# Anyone familiar with Old Southern Kennels in Tupelo MS?



## Bridger2014 (Jul 3, 2014)

Any advice or feedback on this kennel would be most appreciated...oldsouthernkennels.com

I met the owner/breeder today and a young puppy that I am interested in. She is a few months old, very sweet and warmed up to me very quickly. Her parents are Havana and Batu and more info about them and pedigree info can be found by clicking the link on the homepage. 

If anyone on the board has a puppy from this kennel and can give me some feedback, I would really appreciate it. This is my first GSD and I want to make a wise decision. Thanks for any help.


----------



## Andaka (Jun 29, 2003)

They seem to be breeders that buy dogs from Europe to breed. They do not show or train their own dogs.


----------



## Bridger2014 (Jul 3, 2014)

Hi Andaka,

Thanks for taking a look at the webpage, I appreciate any feedback that you and other more experienced members on this forum have. The website may be a bit misleading or perhaps the way I posed the question was. Both the Dame and Sire are located in Mississippi, but I do believe they are both imports. The owner of the Sire is a retired K9 officer with 25 years experience training dogs and continues to train for police agencies. 

They only have a couple litters a year and he held back 2 females from a litter that was born in March. I met the one female he is willing to sell and will go back and talk with him more today. I spent a few minutes with her and she seems very social and confident for a younger dog, they have also began doing some training with her (basic commands). 

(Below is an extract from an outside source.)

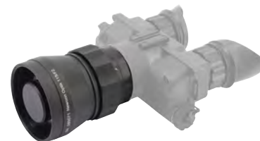
NVS Lens 4x

Afocal 3x magnification add-on lens for monoculars and goggles

Based on the little bit that you saw on the site, what are your thoughts on the pedigree? Thanks again for your response.


----------



## DaniFani (Jan 24, 2013)

Bridger2014 said:


> Hi Andaka,
> 
> Thanks for taking a look at the webpage, I appreciate any feedback that you and other more experienced members on this forum have. The website may be a bit misleading or perhaps the way I posed the question was. Both the Dame and Sire are located in Mississippi, but I do believe they are both imports. The owner of the Sire is a retired K9 officer with 25 years experience training dogs and continues to train for police agencies.
> 
> ...


Still not someone I would buy from. If I had a penny for every time a police k9 officer thought they knew anything and everything about dogs, training, pedigrees, and breeding, because they worked a k9...well I'd be wealthy. lol

Don't fall for the "it's an import therefore it's amazing" line. I also agree with andaka. Good luck.


----------



## Pioneer53 (May 5, 2006)

Sent you a PM.


----------